= Meridian, Stephens County, Oklahoma =

Meridian is a former census-designated place (CDP) in Stephens County, Oklahoma, United States. The population was 1,485 at the 2000 census. As of the 2020 census, the area, plus land to the north, was part of the Sunray CDP.

==Geography==
Meridian is located at (34.416951, -97.969636). According to the United States Census Bureau, the CDP has a total area of 7.6 square miles (19.8 km^{2}), of which 7.6 square miles (19.8 km^{2}) is land and 0.13% is water.

==Demographics==
As of the census of 2000, there were 1,485 people, 552 households, and 439 families residing in the CDP. The population density was 194.6 PD/sqmi. There were 643 housing units at an average density of 84.3 /sqmi. The racial makeup of the CDP was 85.93% White, 0.20% African American, 9.02% Native American, 0.07% Asian, 0.40% from other races, and 4.38% from two or more races. Hispanic or Latino of any race were 1.75% of the population.

There were 552 households, out of which 32.4% had children under the age of 18 living with them, 67.8% were married couples living together, 8.3% had a female householder with no husband present, and 20.3% were non-families. 17.2% of all households were made up of individuals, and 7.8% had someone living alone who was 65 years of age or older. The average household size was 2.69 and the average family size was 3.02.

In the CDP, the population was spread out, with 26.8% under the age of 18, 7.5% from 18 to 24, 25.8% from 25 to 44, 24.6% from 45 to 64, and 15.2% who were 65 years of age or older. The median age was 39 years. For every 100 females, there were 100.7 males. For every 100 females age 18 and over, there were 95.9 males.
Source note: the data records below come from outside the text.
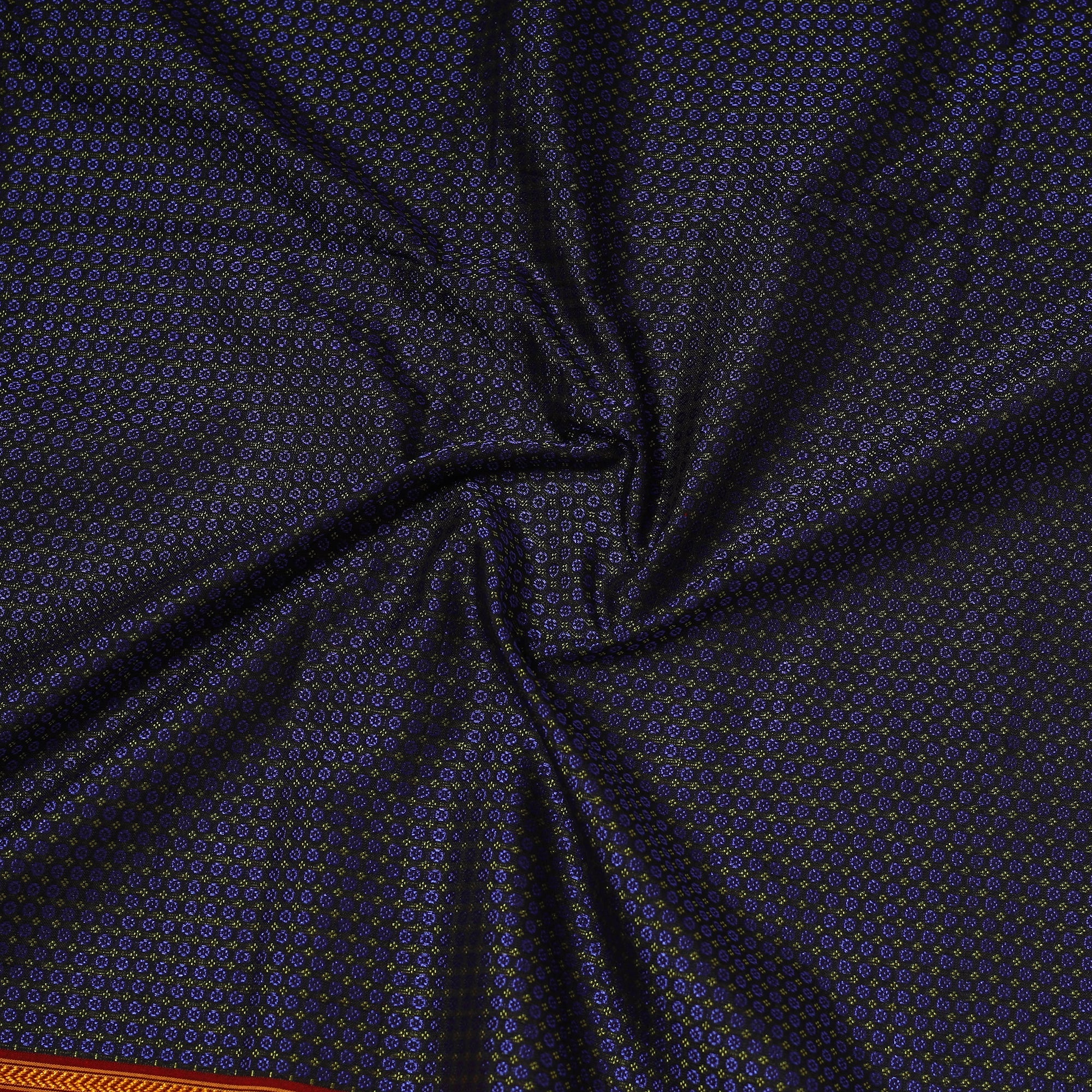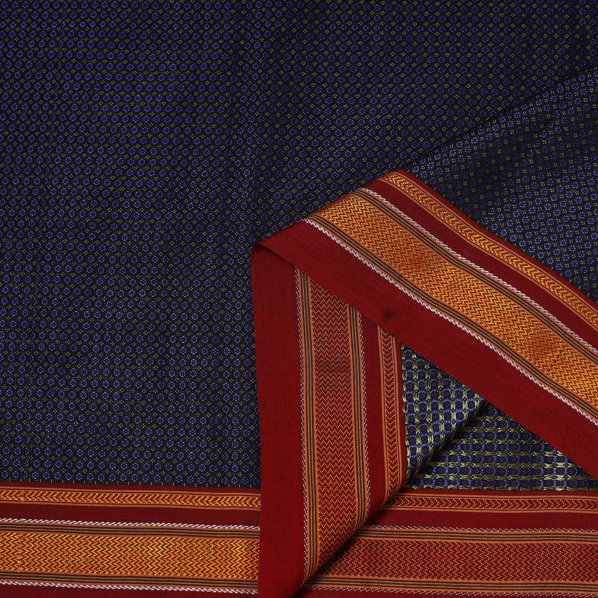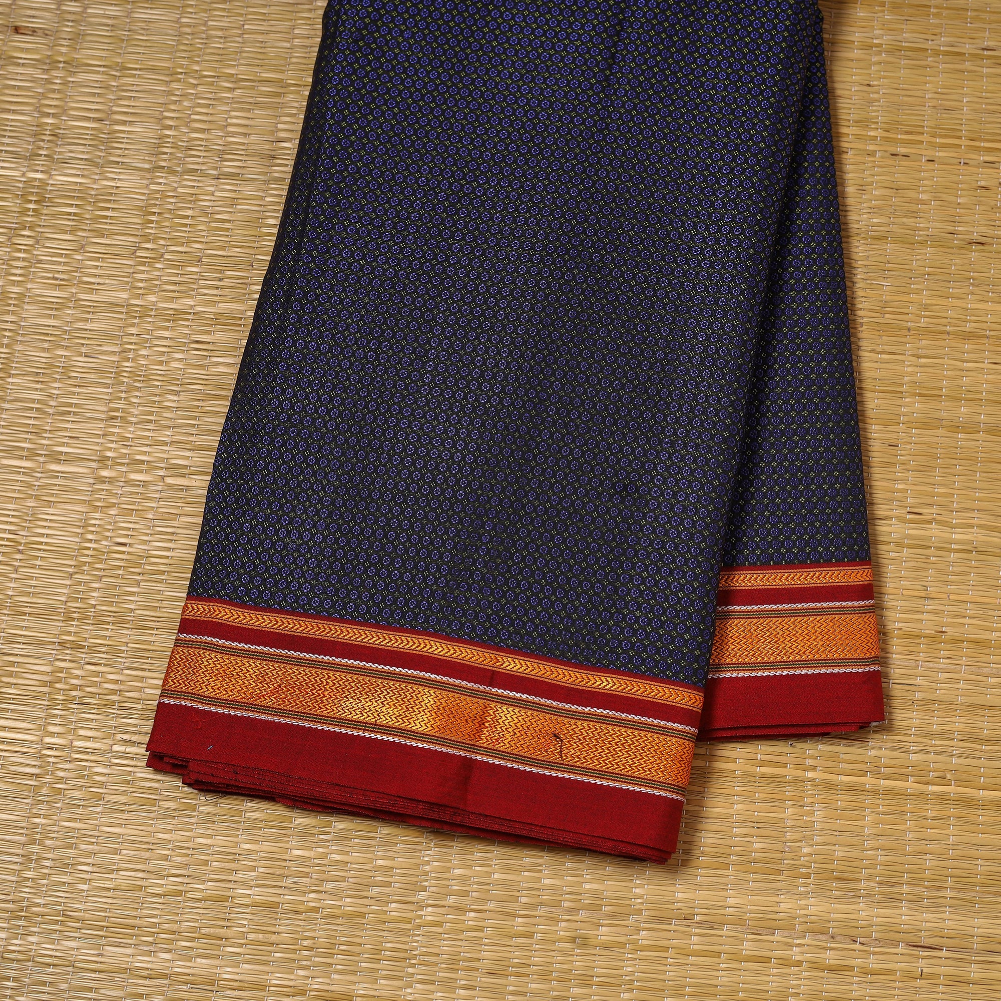 Khun is woven exclusively on a loom in Guledagudd, Bagalkot region, Karnataka. Used only for sari blouses, this handmade fabric is easily recognizable by its small white intricate motif and distinctive reddish-purple border.
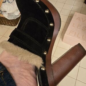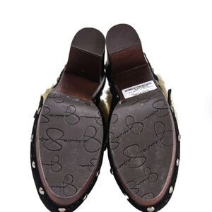 JESSICA SIMPSON BLACK SUEDE FUR TRIMMED MULES
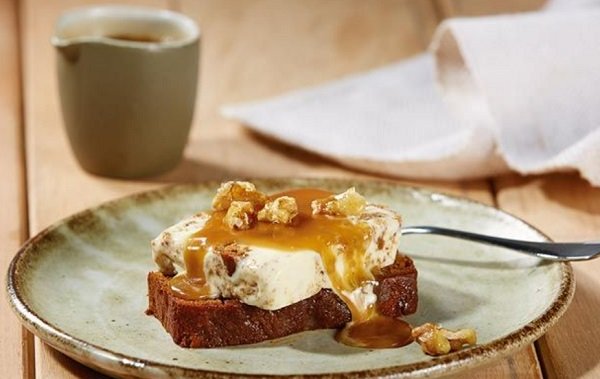 - قطعي بودينغ التمر إلى 8 شرائح، قدمي شريحة من الآيس كريم على وجه كل قطعة بودينغ ورشي الصوص الساخن فوقهم ثم الجوز.
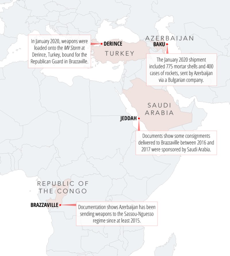 In January 2020, at the Turkish port of Derince on the eastern shores of the Sea of Marmara, a huge cache of weapons was loaded onto the MV Storm. Registered in the tax haven of Vanuatu, the ship set sail with an arsenal of mortar shells, multiple launch rockets, and explosives, en route from Azerbaijan to the Republic of the Congo, better known as Congo-Brazzaville.
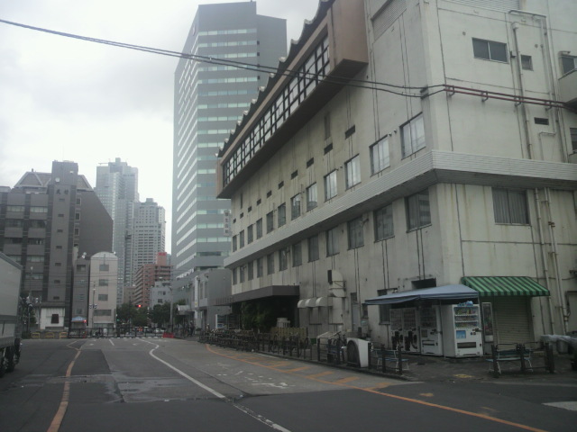 大手門橋の北端は、都営地下鉄の汐留駅と築地市場駅の中間点付近で新大橋通りに面していて、南方向に進むと大手門に至ります。

The median income for a household in the CDP was $34,196, and the median income for a family was $37,545. Males had a median income of $28,816 versus $18,958 for females. The per capita income for the CDP was $15,822. About 8.2% of families and 12.0% of the population were below the poverty line, including 17.1% of those under age 18 and 8.1% of those age 65 or over.